For my entree, I had the Truite aux Amandes, a pan roasted trout served with the head on, the filets butterflied with haricots verts and almonds on top, finished with a brown butter. The fish was excellent. It was perfectly cooked with a very nice flavor. My only complaint is that the brown butter was a bit too salty, but otherwise I enjoyed it very much.
Pere had the Moules au Safran et a la Moutarde, Maine bouchot mussels steamed in white wine, mustard & saffron served with fries. The mussels came out in a cast iron Staub mussle pot. We own a Staub teapot, so seeing the serving vessle made me think I want to get one for myself. The fries were served in a paper funnel stuffed inside conical holder. Very nice presentation. The muscles themselves were amazing. They easily rank in the top five for mussels I've had in restaurants. In addition to the great flavor and the fact that there were no dead ones in the bunch, the sheer amount in the serving was admirable.
Now normally when having fish, especially something delicate like trout, I'd have a white wine. However, after having had white wine the night before, I was really in the mood for a red. So, to hell with wine snobs, I ordered a liter of one of the house wines, a 2001 Rock River California Cabernet. It was on the fruity side, with hints of raspberry and a bit of spiciness. For me, I didn't notice that it overpowered my trout at all.
After consuming our entrees, we thought we were too full for dessert.

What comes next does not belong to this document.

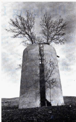
Silo has protected the trees from storms for more than 25 years.

The trees sprouted and took root on their own. Billy Juhnke, a life-long resident of rural Milltown, recalls first noticing the trees growing inside the silo in 1954 when he was hunting. Through the years, the silo has protected the growing trees from wind and weather, and has also sheltered them from direct sunlight. Apparently, lack of sunlight didn't hinder their growth. They kept growing inside the silo until their tops reached beyond the top of the silo.

Originally we had planned on a cheese course followed by dessert, but that just wasn't going to happen. I managed to convince Pere, though, to split a Pot de Creme with me. The flavor of the evening was Gran Marnier. The light orange infusion with the smoothness of the creme was sublime.
All-in-all, our experience at Bouchon was positive. Although it started out a bit rough, the quality and consistency of the food more than made up for earlier inconveniences. I only wish we had been able to reserve a patio table as Bouchon has a small patio overlooking one of the Venetian's pool and garden terraces.